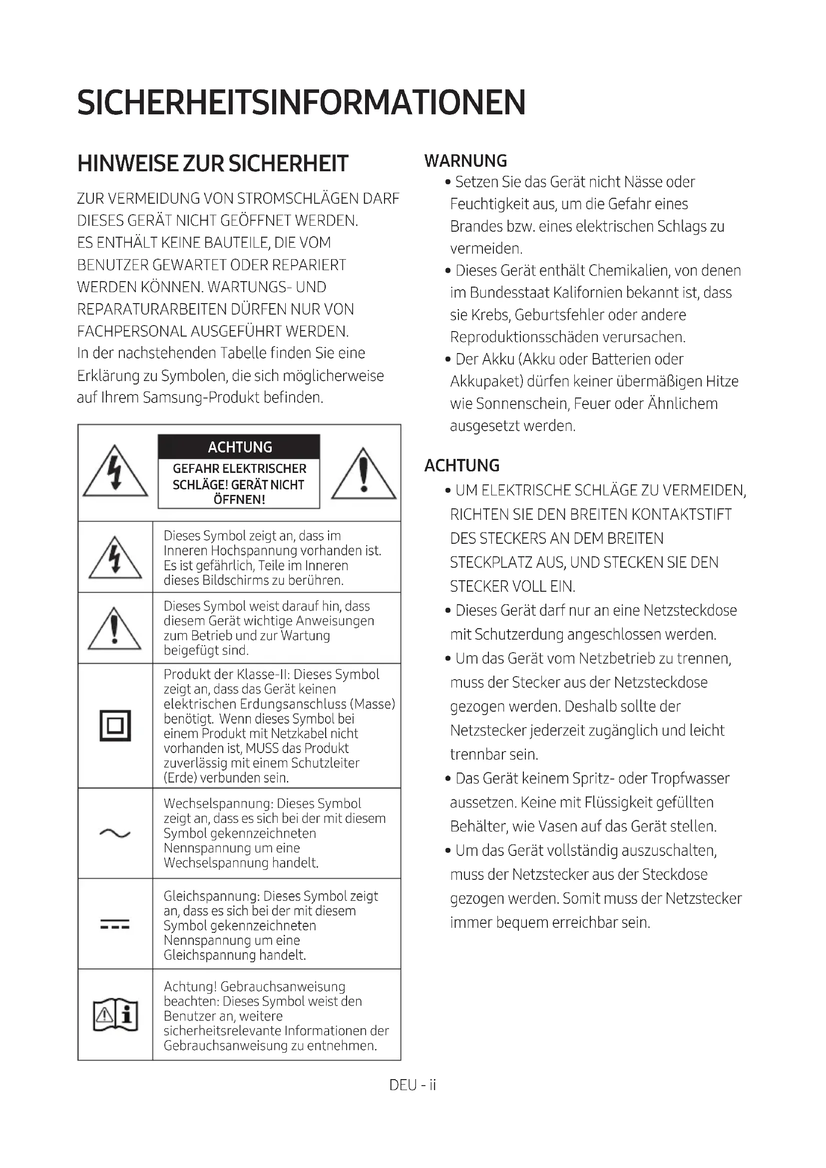 FACHPERSONAL AUSGEFÜHRT WERDEN. In der nachstehenden Tabelle nden Sie eine Erklärung zu Symbolen, die sich möglicherweise auf Ihrem Samsung-Produkt benden. ACHTUNG GEFAHR ELEKTRISCHER SCHLÄGE!GERÄTNICHTÖFFNEN!Dieses Symbol zeigt an, dass im Inneren Hochspannung vorhanden ist. Es ist gefährlich, Teile im Inneren dieses Bildschirms zu berühren.Dieses Symbol weist darauf hin, dass diesem Gerät wichtige Anweisungen zum Betrieb und zur Wartung beigefügt sind.Produkt der Klasse-II: Dieses Symbol zeigt an, dass das Gerät keinen elektrischen Erdungsanschluss (Masse) benötigt. Wenn dieses Symbol bei einem Produkt mit Netzkabel nicht vorhanden ist, MUSS das Produkt zuverlässig mit einem Schutzleiter (Erde) verbunden sein.Wechselspannung: Dieses Symbol zeigt an, dass es sich bei der mit diesem Symbol gekennzeichneten Nennspannung um eine Wechselspannung handelt.Gleichspannung: Dieses Symbol zeigt an, dass es sich bei der mit diesem Symbol gekennzeichneten Nennspannung um eine Gleichspannung handelt.Achtung! Gebrauchsanweisung beachten: Dieses Symbol weist den Benutzer an, weitere sicherheitsrelevante Informationen der Gebrauchsanweisung zu entnehmen. WARNUNG
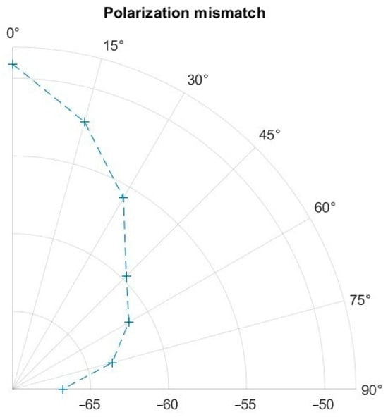 Overall, Figure 19 demonstrates that even modest angular deviations between antennas can significantly affect the radiation pattern and received power, emphasizing the importance of precise orientation in UAV communication systems [].
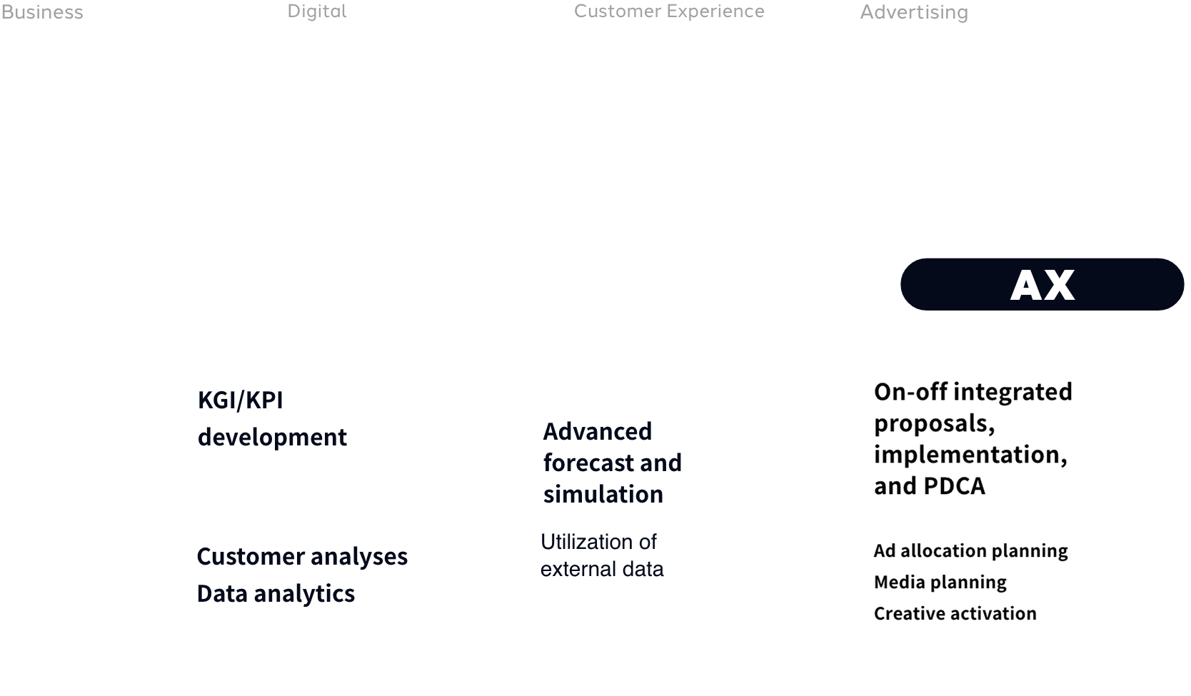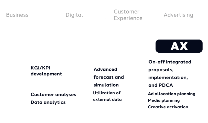 Always grounded in customer standpoint, we propose seamless measures to maximize ad performance. We are always committed to results by realizing agile foundation building that lead to appropriate next steps.

### INSTRUCTIONS FOR THE TASK
To answer, repeat exactly the lines from the line containing "Overall, Figure 19" through the last line of the data above, leaving out all pictures.

### EXERCISE OUTPUT
 Overall, Figure 19 demonstrates that even modest angular deviations between antennas can significantly affect the radiation pattern and received power, emphasizing the importance of precise orientation in UAV communication systems [].
 Always grounded in customer standpoint, we propose seamless measures to maximize ad performance. We are always committed to results by realizing agile foundation building that lead to appropriate next steps.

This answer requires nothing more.